L’economia sociale dello scarto è un concetto che si è diffuso soprattutto negli ultimi anni grazie al pensiero di Papa Francesco, che ha portato all’attenzione globale le conseguenze sociali ed etiche di un sistema economico basato sull’esclusione e sulla marginalizzazione. Un concetto che va oltre l’idea di rifiuto materiale o ambientale, concentrandosi invece sul “rifiuto” di persone, comunità e culture, che vengono considerate non necessarie o superflue nel processo economico e sociale.

La nostra economia, o meglio l’economia occidentale, è sempre più alimentata da una cultura che promuove il consumismo sfrenato e la logica dell’“usa e getta”. Tutti noi siamo incoraggiati a consumare beni e servizi spesso in modo insostenibile, e chi non è in grado di partecipare a questo ciclo di consumo viene escluso.

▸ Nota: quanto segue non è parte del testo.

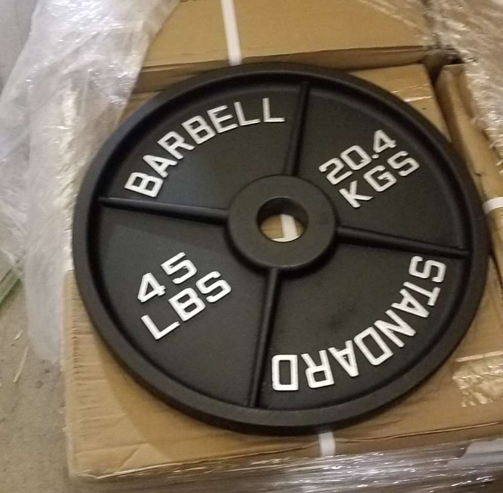 OPMP-P45: 45lb Standard Olympic Black metal plates for $140/pair + sales tax = $150. If you bought these metal plates from us before send us a picture of the ones you have so we can try to match them up. We have 5 different variations.

LA DISTRIBUZIONE SI MUOVE NELLA GIUSTA DIREZIONE

A livello filosofico e morale, fortunatamente è iniziata una nuova consapevolezza in merito a una nuova economia circolare e conseguentemente a un recupero dello scarto. Anche nel settore del retail, tantissime insegne si stanno muovendo in questa direzione, aiutati anche dalla legge 166/2021, cercando in primis di limitare lo spreco con una corretta gestione dell’assortimento, ma soprattutto facendo educazione alimentare sull’enorme spreco alimentare domestico. Bene che si continui in questa direzione, ma occorrerebbe maggiormente lavorare sull’altro tipo di scarto, ben più drammatico socialmente: quello sociale, appunto. 

L’economia sociale dello scarto, come detto, si riferisce a una dinamica economica e sociale in cui determinate categorie di persone vengono “scartate” perché considerate non produttive o non utili al sistema. Questo processo avviene quando le logiche economiche si concentrano esclusivamente sull’efficienza e sul profitto, ignorando il valore umano, la dignità e il benessere collettivo.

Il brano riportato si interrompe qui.